Ruth Marie Terry's husband Guy Muldavin had a reputation as a womanizer, and not all those who crossed his path survived.
For nearly 50 years, the identity of a woman found nearly decapitated lying in the sand in the Race Point Dunes of Provincetown, Massachusetts remained an enduring mystery.
When the FBI finally identified the “Lady of the Dunes” in 2022 as Ruth Marie Terry — the subject of Oxygen's new documentary Lady of the Dunes: Hunting the Cape Cod Killer — they learned the 37-year-old had been married to Guy Muldavin, a man with a dark past — including another wife who was found murdered.

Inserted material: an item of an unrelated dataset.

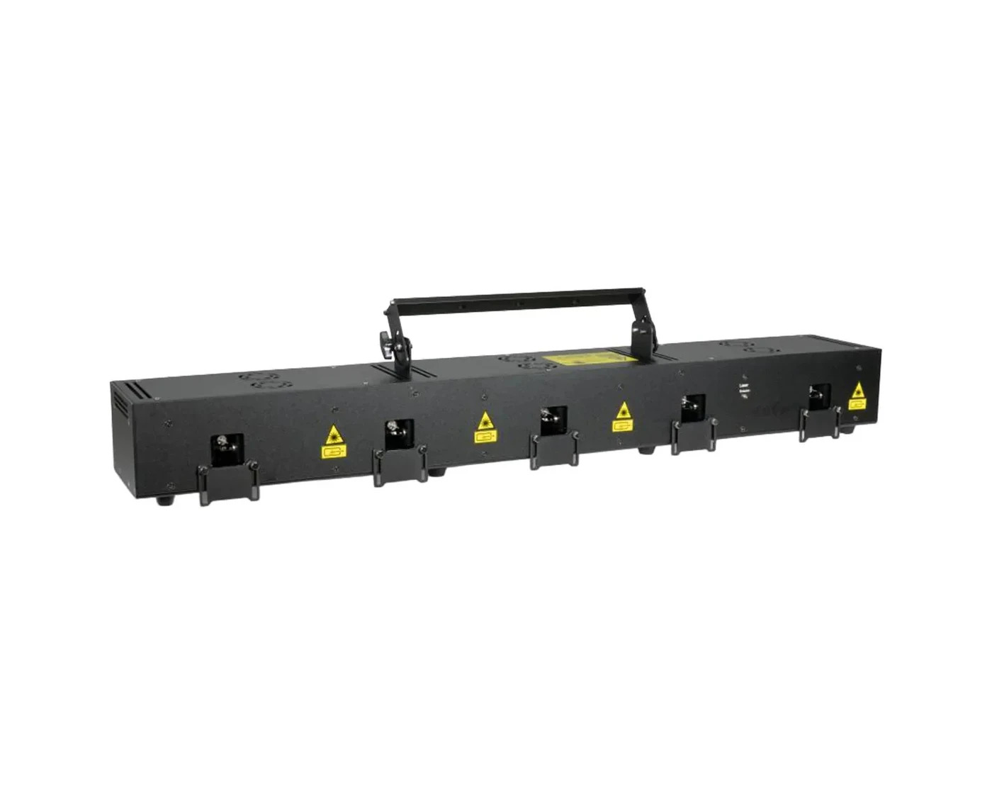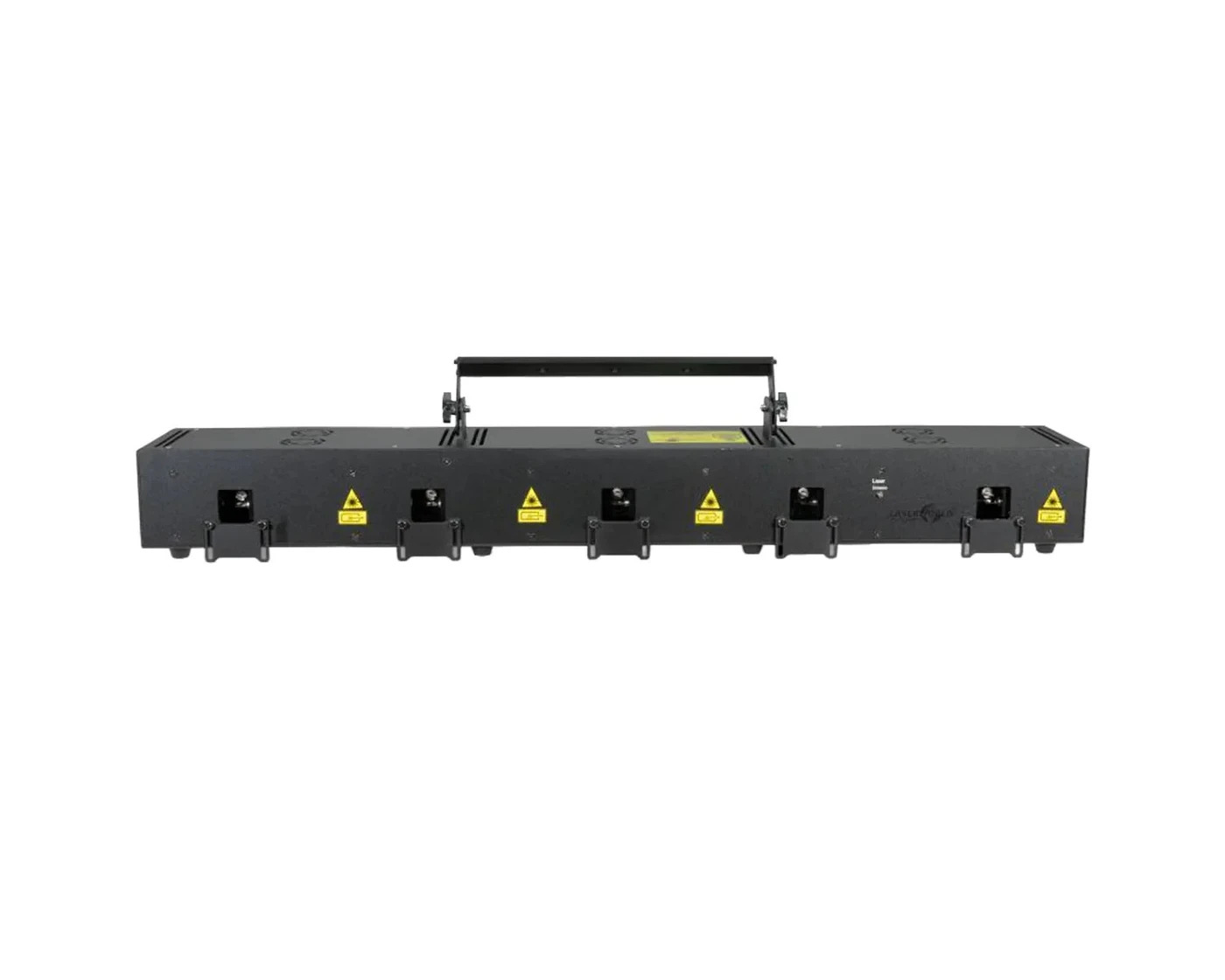 Each of the ten beam outputs features an independent X/Y scanner set, operating at 25 kpps @ 8°, allowing for precise and dynamic effects. In addition to single-beam projections, the unit includes over 100 pre-set patterns for versatile visual displays.
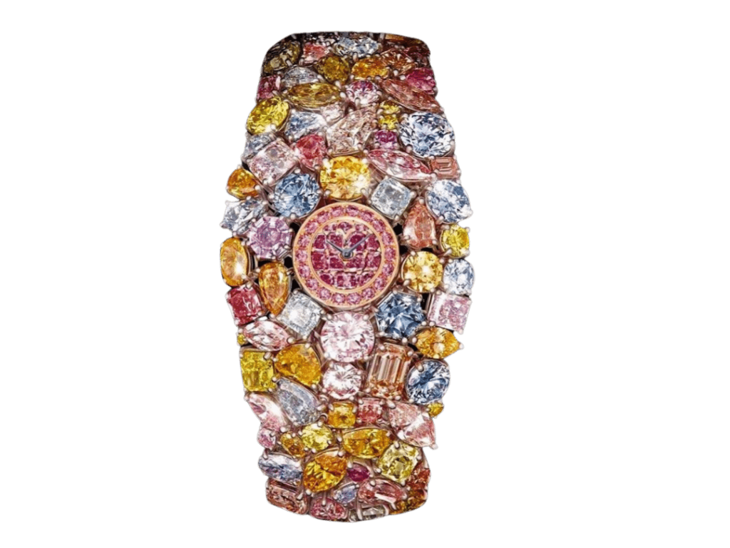 تتميز ساعة “Hallucination” بثمانية ألوان مختلفة من الألماس، بما في ذلك الألماس الوردي النادر الذي يبلغ سعره حوالي 2 مليون دولار للقيراط الواحد. تحتوي الساعة أيضًا على قرص صغير مزين بألماس وردي يشبه الحلوى. استغرق تصميم هذه الساعة الفريدة وصنعها أكثر من عامين ونصف بمشاركة فريق يضم 30 متخصصًا ومصممًا وصائغًا.

Shortly after making the identification, authorities announced that Muldavin was considered a person of interest in Terry’s death.
"Based on the investigation into the death of Ms. Terry, it has been determined that Mr. Muldavin was responsible for Ms. Terry’s death in 1974,” The Cape & Islands District Attorney's Office announced in a statement, according to Washington D.C.’s NBC affiliate WRC-TV.
But Muldavin will never serve time for the heinous crime.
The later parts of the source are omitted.